Using Elasticsearch to search a git repository with branches


I would like to use Elasticsearch to search a git repository. That seems relatively easy if you look only at the latest main branch - you index all files as documents and then you can search through those documents to find relevant files.

But I would like to be able to search also at branches a repository might have. One easy approach is that I look at each branch as its own repository, index documents there (or each branch into its own index, or using some field to store the branch name and then filter on that).

But that makes many documents duplicated. In most cases, a branch has most files the same as the parent branch, only few files are changed. So I am asking if there is some better way to search over documents where documents can have multiple versions. So there is main branch and then there are other branches which have a path to the main branch, (e.g., branch feature123 has been forked from branch fix321 which has been forked from branch main). When you search inside branch feature123 I would like that if finds files which have been modified in that branch, if a file has not been modified in that branch, it goes one branch up to fix321 to find the file and if not, it goes to main. So feature123 branch shadows files from fix321 if they have been modified there.

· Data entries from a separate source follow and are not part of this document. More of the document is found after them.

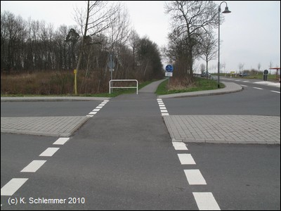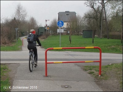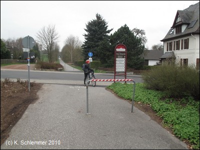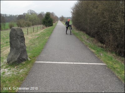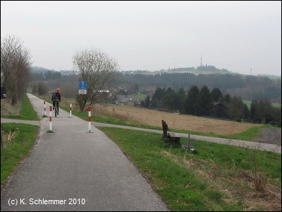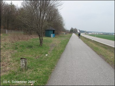 Wieder auf dem Radweg: Die Strecke knickt hier in einem großen Bogen nach Südosten ab. Entlang der B327 folgen wir der alten Bahnstrecke.
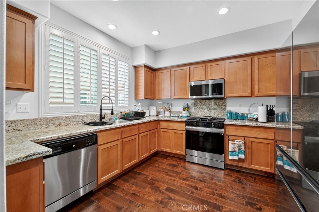 Beautiful Townhouse in beautifully landscaped development "Olive Glen" made for an exceptional living experience! Perfect for families and anyone looking for additional space. All three levels have been updated and maintained in designer condition by the owner so it is in move-in condition with hardwood floors, tile, modern window covering that allowing natural light throughout. The home has a 3rd level Tech Room that can be used as an office or studio space - your imagination is your potential!! Love and care shows the moment you walk into the foyer to see the lower level bedroom and bath! Gorgeous touches on all levels and a view from the 2nd floor balcony. The home has it's own park, children play area, covered picnic area w/BBQ and running/walking trails for residents and their events! This is a must see for living close to freeways, a beautiful historic golf course, shopping centers, Sofi Stadium and various options for your transportation choices!
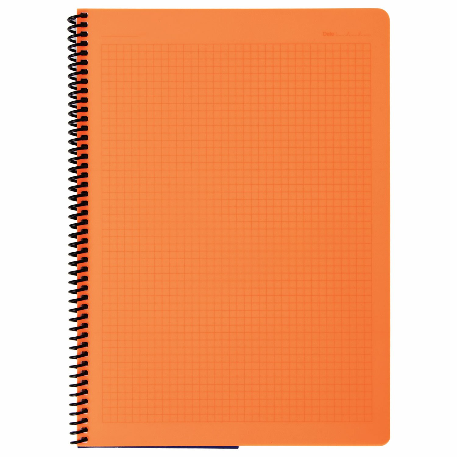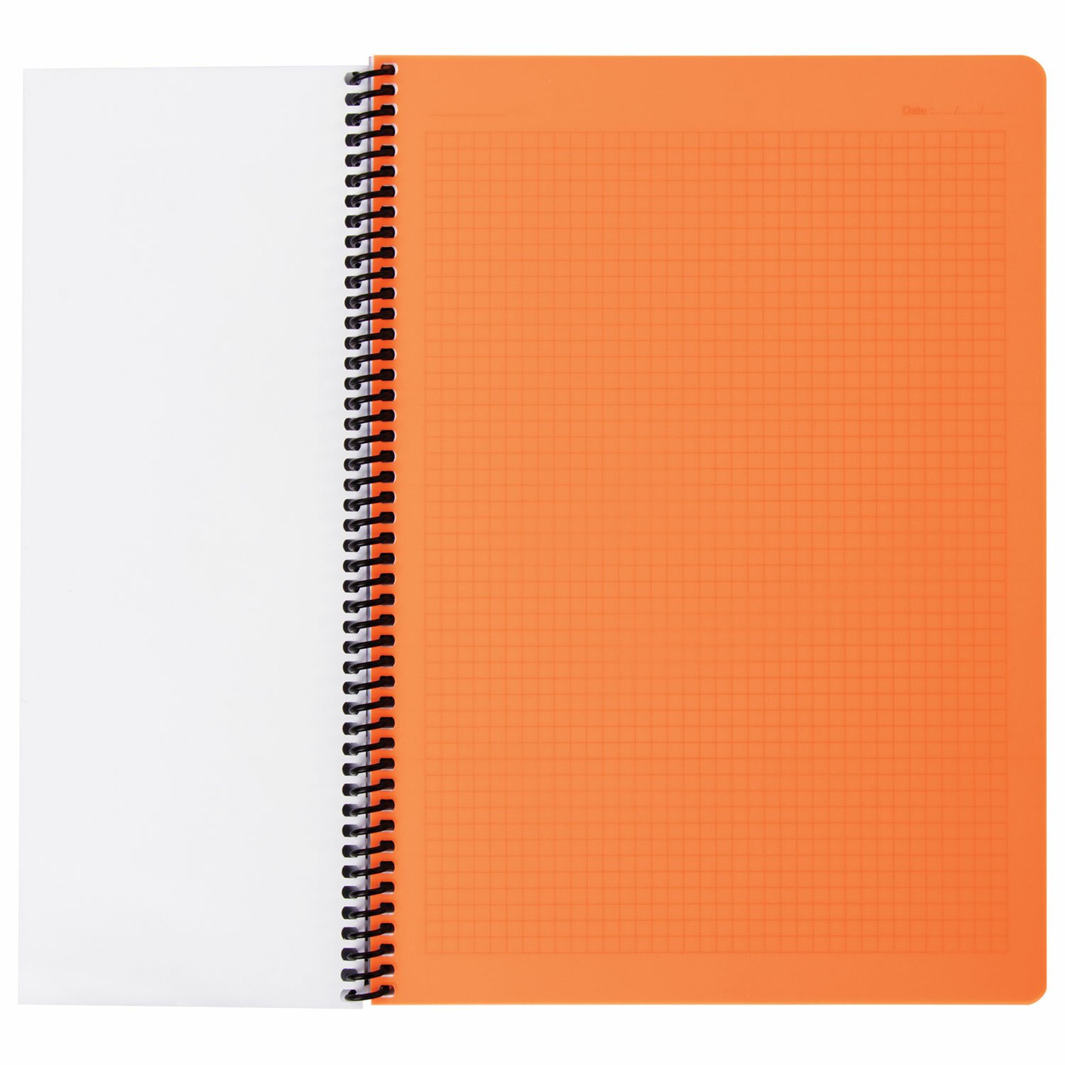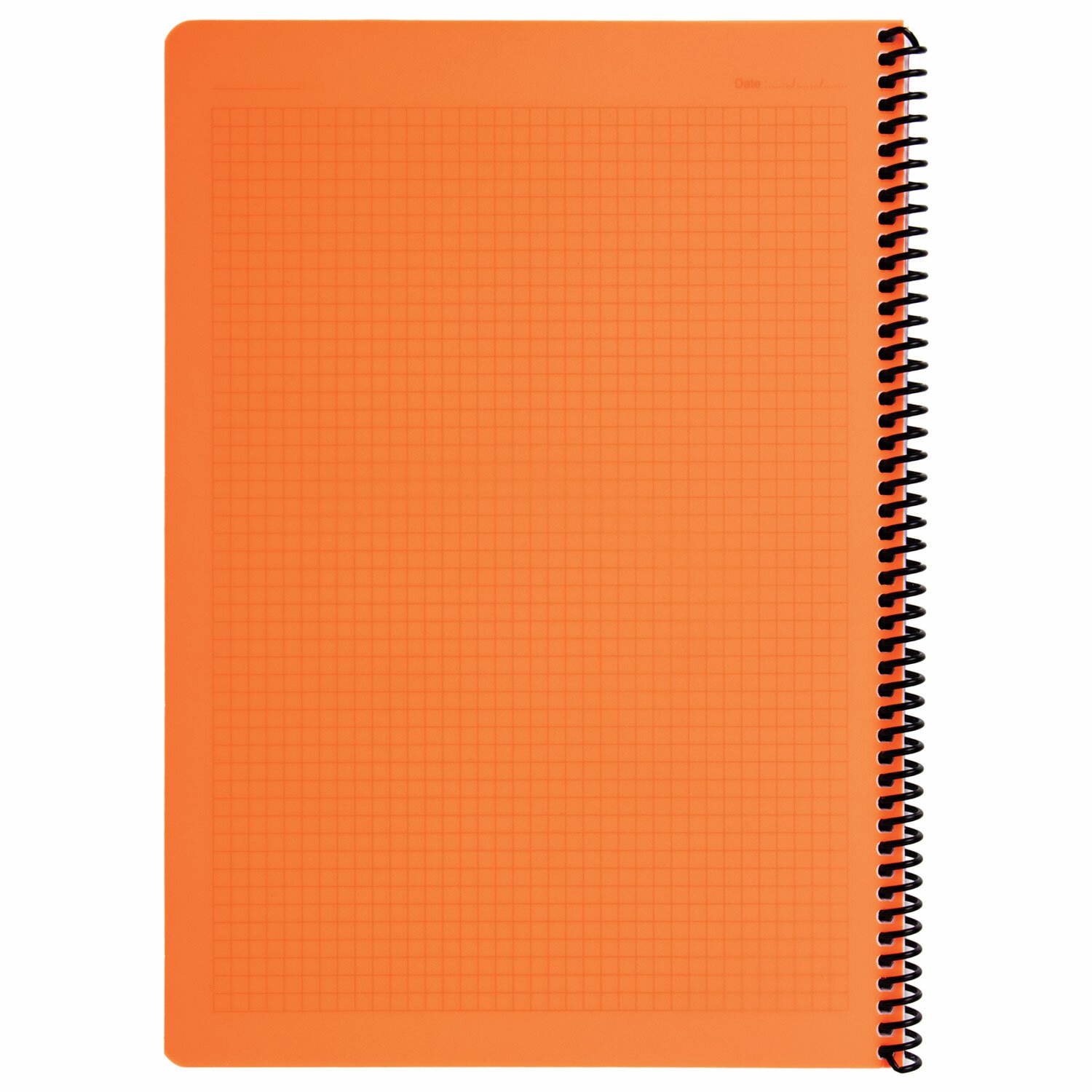 Пластиковая обложка оранжевого цвета надежно защитит внутренний блок от повреждений. Внутренний блок содержит 80 листов офсетной бумаги плотностью 60 г/м2 и белизной 100%. Линовка блока - в клетку с полями. Листы соединены евроспиралью. Формат А4 (210х297 мм).
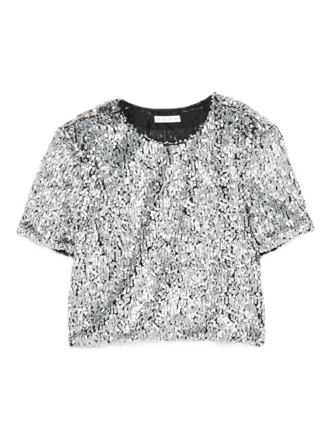 silver sequin embellishment short sleeves round neck

I do not want search results to have duplicates (that same file is found multiple times because it "exists" in multiple branches - only the latest changed file should be found). Also, I would like that aggregations and counts work as well and ignore documents which have been shadowed.

(The git repository does not contain code but primarily regular text files. So other issues with code searching do not necessary apply here.)


Solution

  • In order to make it easier and faster at search time, we need to spend some time thinking about how to index the documents in a smart way.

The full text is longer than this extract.